Repensar o que “merece” um salário mais alto: fiabilidade vs. ambição
Quando começa a olhar para o salário pela lente da fiabilidade, o local de trabalho ganha outra leitura. Aquele colega que “não parece brilhante” mas ganha mais? Provavelmente é a pessoa que os clientes pedem pelo nome, ou aquela a quem o director executivo liga quando há uma crise. Já a contratação jovem com ideias brilhantes, mas com seguimento caótico, é apreciada e incentivada - porém mantém-se no escalão salarial mais baixo.
Sejamos honestos: ninguém consegue isto todos os dias, sem falhas. Até as pessoas mais fiáveis têm semanas menos boas. O que conta é o padrão de longo prazo em que a chefia consegue apostar com segurança.

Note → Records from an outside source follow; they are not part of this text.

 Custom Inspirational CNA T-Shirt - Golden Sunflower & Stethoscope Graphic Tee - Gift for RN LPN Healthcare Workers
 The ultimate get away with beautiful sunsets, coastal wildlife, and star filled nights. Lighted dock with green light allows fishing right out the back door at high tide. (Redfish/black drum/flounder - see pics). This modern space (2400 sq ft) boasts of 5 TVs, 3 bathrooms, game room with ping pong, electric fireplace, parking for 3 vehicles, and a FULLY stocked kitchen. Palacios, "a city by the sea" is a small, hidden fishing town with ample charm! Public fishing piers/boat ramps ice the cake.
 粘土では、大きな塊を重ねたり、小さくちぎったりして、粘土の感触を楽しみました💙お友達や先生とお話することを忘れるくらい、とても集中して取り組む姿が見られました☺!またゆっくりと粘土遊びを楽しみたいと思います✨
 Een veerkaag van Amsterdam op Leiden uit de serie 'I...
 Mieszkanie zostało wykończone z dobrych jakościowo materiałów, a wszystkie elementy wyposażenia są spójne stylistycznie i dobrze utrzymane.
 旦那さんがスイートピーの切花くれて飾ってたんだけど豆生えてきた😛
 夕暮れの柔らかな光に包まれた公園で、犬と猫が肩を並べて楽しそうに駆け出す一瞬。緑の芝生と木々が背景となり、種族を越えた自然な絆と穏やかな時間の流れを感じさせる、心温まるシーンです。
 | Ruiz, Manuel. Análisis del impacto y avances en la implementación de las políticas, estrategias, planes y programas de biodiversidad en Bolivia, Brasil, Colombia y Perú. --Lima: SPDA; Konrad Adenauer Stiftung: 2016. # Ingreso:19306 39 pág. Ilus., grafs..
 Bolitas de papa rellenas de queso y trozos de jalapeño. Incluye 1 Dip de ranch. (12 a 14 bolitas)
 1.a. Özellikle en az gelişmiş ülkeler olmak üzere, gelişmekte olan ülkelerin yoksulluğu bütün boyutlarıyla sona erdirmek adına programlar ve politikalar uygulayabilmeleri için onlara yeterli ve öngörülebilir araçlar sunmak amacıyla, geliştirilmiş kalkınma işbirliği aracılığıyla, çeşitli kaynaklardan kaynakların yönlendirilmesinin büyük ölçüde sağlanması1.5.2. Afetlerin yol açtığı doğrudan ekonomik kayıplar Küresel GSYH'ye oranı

| Ponto-chave | Detalhe | Valor para quem lê |
|---|---|---|
| A fiabilidade supera a ambição “em bruto” | As empresas pagam mais para baixar risco do que para recompensar apenas “potencial” | Ajuda a perceber por que razão alguns colegas ganham mais e onde concentrar o esforço |
| A fiabilidade pode ser tornada visível | Compromissos claros, entregas a tempo, resumos simples por escrito após reuniões | Dá alavancas práticas para a sua consistência aparecer nas avaliações |
| Pequenos hábitos, grande impacto no salário | Pontualidade, assumir erros, proteger tarefas críticas | Mostra como transformar comportamentos diários em argumentos para um aumento |
Perguntas frequentes
Pergunta 1: Isto quer dizer que a ambição não conta para o salário?
A ambição continua a contar, sobretudo em funções com metas de crescimento, vendas ou inovação. A diferença é que só rende quando assenta numa base fiável. Sem fiabilidade, a ambição é interpretada como risco, não como valor.Pergunta 2: Como mostro fiabilidade se trabalho numa área criativa?
Mesmo em trabalho criativo existem prazos, controlo de versões e ciclos de feedback com o cliente. Entregue rascunhos quando diz que vai entregar, documente decisões e seja a pessoa que responde rápido quando uma campanha precisa de um ajuste de última hora.Pergunta 3: O meu manager só elogia “os desenrascados”. A fiabilidade ainda ajuda no meu salário?
Muitos líderes celebram a ambição em público, mas negoceiam salários com base em quem conseguem confiar para tarefas críticas. Registe contributos concretos e leve-os para a avaliação de desempenho, mesmo que não sejam elogiados todas as semanas.Pergunta 4: A fiabilidade compensa falta de experiência?
Até certo ponto, sim. Um júnior consistentemente confiável tende a ser retido, acompanhado e progressivamente melhor pago, enquanto um perfil brilhante mas errático fica estagnado. A fiabilidade acelera o valor da experiência que vai acumulando.Pergunta 5: O que posso mudar este mês para parecer mais fiável?
Pegue em todas as tarefas em aberto e atribua a cada uma um prazo claro por escrito, partilhado com quem depende do seu trabalho. Depois cumpra esses prazos. A diferença visível entre o que diz e o que faz vai diminuir - e as pessoas vão senti-la, incluindo na próxima conversa sobre salário.